Because in most jurisdictions, at least in North America, it is legal to list
your house "For Sale By Owner" without a real estate license. [0][1]

[0] [https://www.investopedia.com/terms/f/for-sale-by-
owner.asp](https://www.investopedia.com/terms/f/for-sale-by-owner.asp)

[1]
[https://en.wikipedia.org/wiki/For_sale_by_owner](https://en.wikipedia.org/wiki/For_sale_by_owner)

------
amerkhalid
I just got my real estate license in Texas. The total cost of education,
license, then signing up with broker and joining NAR, will be around $3,000
for the first year. Ongoing cost would be around $2,000 yearly.

As an agent you will likely split your commission with your broker, usually
50% for new agent but you can find some that offer take only 30% or even less.

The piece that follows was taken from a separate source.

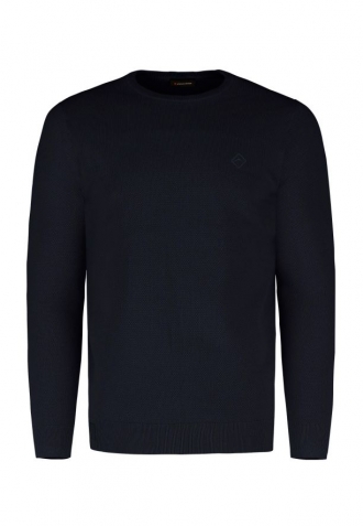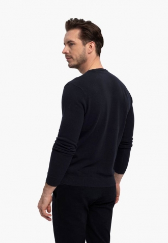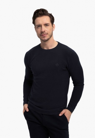 Casualový pánský svetr ideální pro každý den. Osvědčí se jako prvek stylizace do práce, tak i na setkání s přáteli nebo rodinný výlet. Takový je svetr se strukturou S-MIKO. Tento tmavě modrý svetr má klasický střih a výstřih typu crew neck, který díky lemování dobře sedí pod krkem. Ve svetru byly použity lemy také u rukávů, stejně jako na spodním lemu, což zabraňuje posouvání svetru na postavě.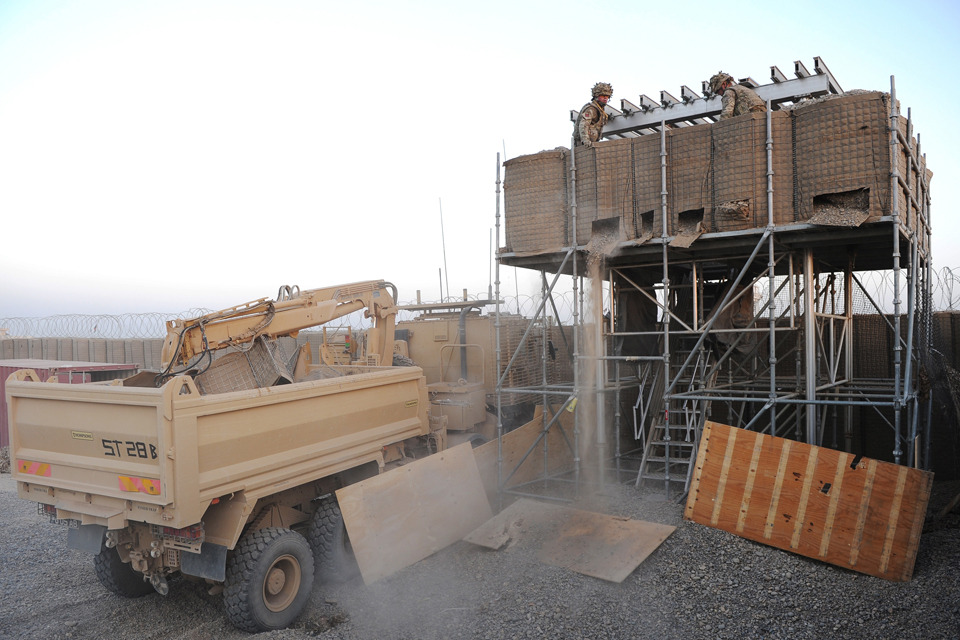 Sappers from 22 Engineer Regiment dismantle one of Forward Operating Base Shawqat's sangars [Picture: Corporal Si Longworth RLC, Crown copyright]

For me, it was a little bit of impulse decision, we are planning to sell our
townhome and move to a house in next few years. But also we have been looking
into real estate investments.

We need to close one transaction a year to breakeven on cost of real estate
license. Probably not worth it but now that I have license and I will helping
friends and family and hopefully it will be worth it.

Also like others have said if you are selling your own home, you most likely
don't need a license.

------
jeffdecola
Just sell your house without a broker. No one is forcing you to use one. But
there are a few caveats, the big one is not being in the MLS system, so buyers
may never know about your house. Also, other brokers will not tell their
buyers about your house. But if you're not in a rush to sell your house, try
it out for a few weeks to see if you can get a buyer.

------
Silverwood
I started my own firm that gives buyers a commission rebate in NYC. I didn't
get the license in time for my own purchase.

[https://silverwoodbrokers.com/](https://silverwoodbrokers.com/)

------
whenchamenia
I have acted as my own agent, but you are not required to be a real estate
agent to buy your own home. Realator is a corrupt predatory orginazation,
proporting to represent real estate agents, but mostly just control listings.

------
freediver
Not yet, but when eventually selling my house in bay area might just do it.
How hard is it?